What is needed — Among the entries below, one line contains "Sınıfında gerçekleşen konferansa, Rektör" and another contains "Santiago Apóstol, Oax.". Transcribe those two lines and every line between them, exactly.

Data for the task —
##########

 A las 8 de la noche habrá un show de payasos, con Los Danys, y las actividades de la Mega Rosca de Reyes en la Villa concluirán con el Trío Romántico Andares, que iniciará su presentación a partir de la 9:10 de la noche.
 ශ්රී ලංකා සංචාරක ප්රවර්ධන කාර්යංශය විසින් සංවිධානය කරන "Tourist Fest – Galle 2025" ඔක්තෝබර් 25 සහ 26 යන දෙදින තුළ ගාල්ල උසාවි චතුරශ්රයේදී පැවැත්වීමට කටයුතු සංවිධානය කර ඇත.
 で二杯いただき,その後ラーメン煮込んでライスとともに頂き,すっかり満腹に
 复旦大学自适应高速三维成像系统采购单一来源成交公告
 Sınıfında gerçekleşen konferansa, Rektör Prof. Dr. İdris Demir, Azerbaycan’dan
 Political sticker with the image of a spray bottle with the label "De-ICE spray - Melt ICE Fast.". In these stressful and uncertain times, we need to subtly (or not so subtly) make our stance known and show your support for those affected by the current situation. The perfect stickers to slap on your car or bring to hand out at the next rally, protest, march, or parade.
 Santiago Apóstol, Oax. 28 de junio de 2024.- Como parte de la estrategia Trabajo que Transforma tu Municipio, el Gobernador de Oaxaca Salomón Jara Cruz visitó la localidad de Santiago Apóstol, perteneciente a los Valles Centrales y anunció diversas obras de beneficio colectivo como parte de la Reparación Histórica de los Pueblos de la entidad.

##########

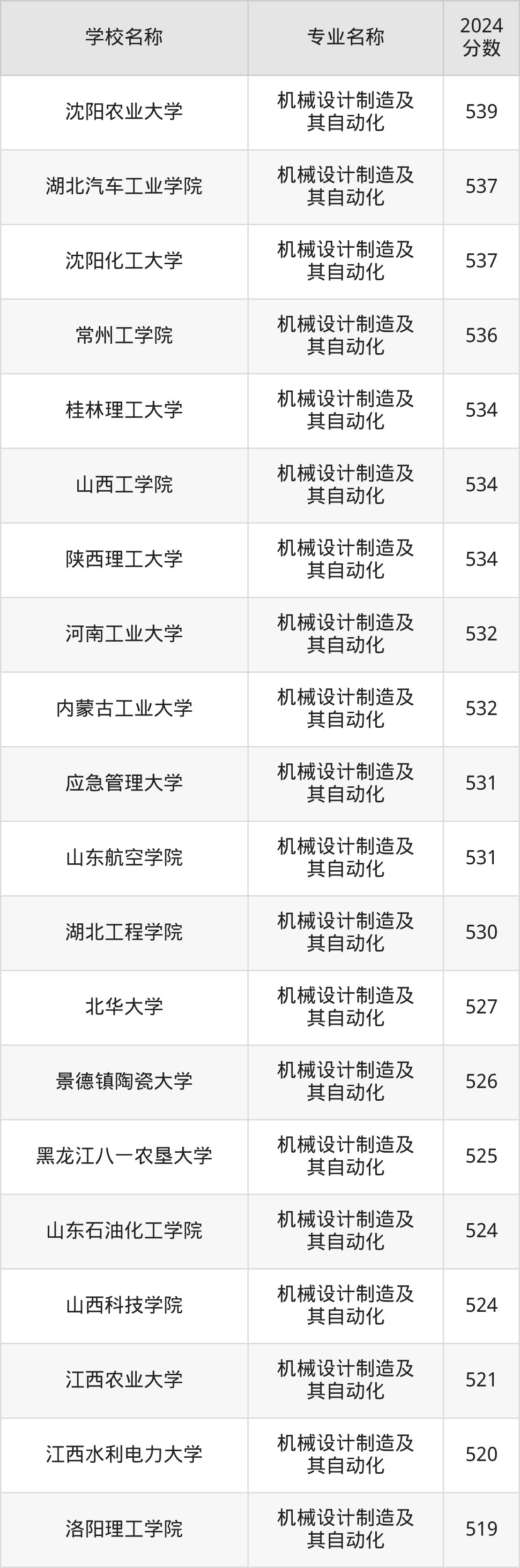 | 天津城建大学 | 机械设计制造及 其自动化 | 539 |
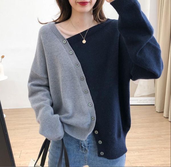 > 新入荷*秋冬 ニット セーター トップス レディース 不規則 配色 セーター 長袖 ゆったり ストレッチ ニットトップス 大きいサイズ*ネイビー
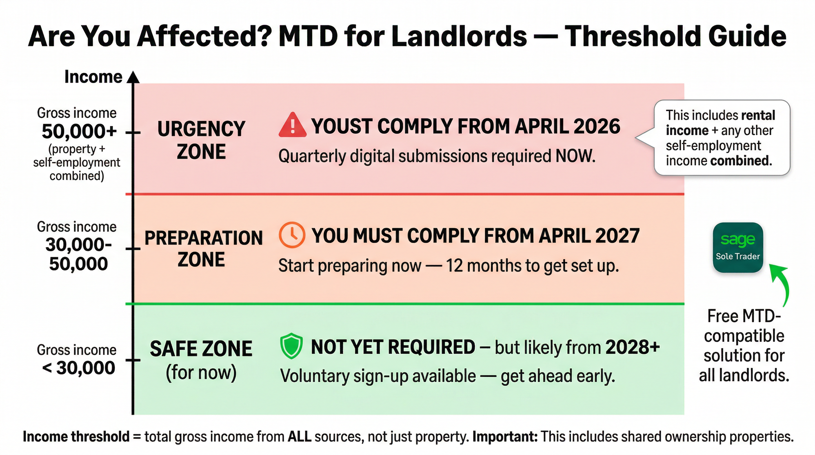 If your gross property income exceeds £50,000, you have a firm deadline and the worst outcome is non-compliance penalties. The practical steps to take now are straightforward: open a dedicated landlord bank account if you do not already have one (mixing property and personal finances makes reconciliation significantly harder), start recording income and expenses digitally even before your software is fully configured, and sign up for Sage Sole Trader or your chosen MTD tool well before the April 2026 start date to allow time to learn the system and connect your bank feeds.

##########

Reply to the task —
 Sınıfında gerçekleşen konferansa, Rektör Prof. Dr. İdris Demir, Azerbaycan’dan
 Political sticker with the image of a spray bottle with the label "De-ICE spray - Melt ICE Fast.". In these stressful and uncertain times, we need to subtly (or not so subtly) make our stance known and show your support for those affected by the current situation. The perfect stickers to slap on your car or bring to hand out at the next rally, protest, march, or parade.
 Santiago Apóstol, Oax. 28 de junio de 2024.- Como parte de la estrategia Trabajo que Transforma tu Municipio, el Gobernador de Oaxaca Salomón Jara Cruz visitó la localidad de Santiago Apóstol, perteneciente a los Valles Centrales y anunció diversas obras de beneficio colectivo como parte de la Reparación Histórica de los Pueblos de la entidad.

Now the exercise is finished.